“El adversario” pertenece al género inaugurado por Truman Capote en su “A sangre fría”, uno que los anglosajones denominan “narrative non-fiction”. Me gusta mucho. Describiré su método. Imagina que haces un encargo a un amigo, le dices algo así como “ve y me lo cuentas”. Tú conoces los hechos por encima, pero ese amigo es un escritor dotado, y no sólo te lo cuenta, sino que te los presenta ordenados de tal forma que los tensa narrativamente. Además, expone sin tapujos sus dudas al aceptar el encargo, porque resulta que los hechos fueron actos, estos fueron atroces y el que los ha ejecutado es reputado, quizás justamente, un monstruo. Y como, además de escritor, tu amigo es un hombre honesto, se acerca al asunto sin dobleces y suspende el juicio que le merece todo lo acontecido. Sólo tiene preguntas, como tú. El monstruo, Jean-Claude Romand, dará mil respuestas, pero ninguna, sospechas, veraz. Es su naturaleza mentir; o quizás comenzó un día a mentir y ya no pudo parar hasta que sólo podía salir del enorme embuste que era su vida a través de una carnicería. Los límites del encargo empiezan a desaparecer, y el relato es tan intenso y profundo que empiezas a pensar que es una reflexión sobre nosotros, nuestro yo social, nuestra vida y obviamente sobre la muerte. Quizás sobre algo vagamente sobrenatural (de ahí el título).

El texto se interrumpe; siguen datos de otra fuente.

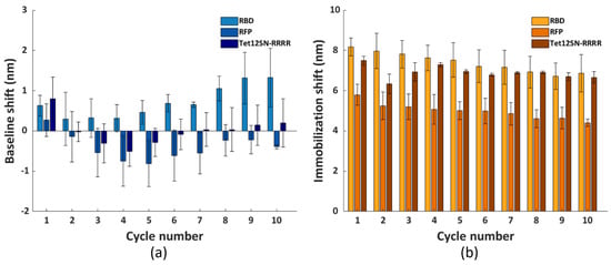 The (a) baseline and (b) immobilization shifts for each cycle, obtained with immobilizing RBD, RFP and Tet12SN−RRRR at 20 μg/mL. The surface regeneration was performed using condition G and washing with 0.5 M NaOH for 3 min, for a total of ten cycles. Each bar represents the average value from two parallel measurements performed on two different FO sensor probes, with error bars being standard deviations (ns = 2).

La novela me produjo la misma impresión que “Elogiemos ahora a hombres famosos”, de James Agee. La comisión de una institución pública americana consiste en documentar la precaria vida de los aparceros sureños (“red-necks”) durante la Gran Depresión. Lo que dos jóvenes artistas (escritor y fotógrafo) devuelven es una obra lírica de amplio vuelo que, sin embargo, nunca abandona el anclaje en lo real. Es lo real distorsionado por la mirada del artista.
Dicho lo cual, quiero ahora distinguir a Carrère y su novela de esos dos ilustres antecedentes: podría haber sido una narración oral. El amigo viene y, de veras, va y te lo cuenta. Y lo hace de forma que días después no dejas de darle vueltas al asunto. Carrère, tu amigo, te dice: yo tampoco dejo de darle vueltas.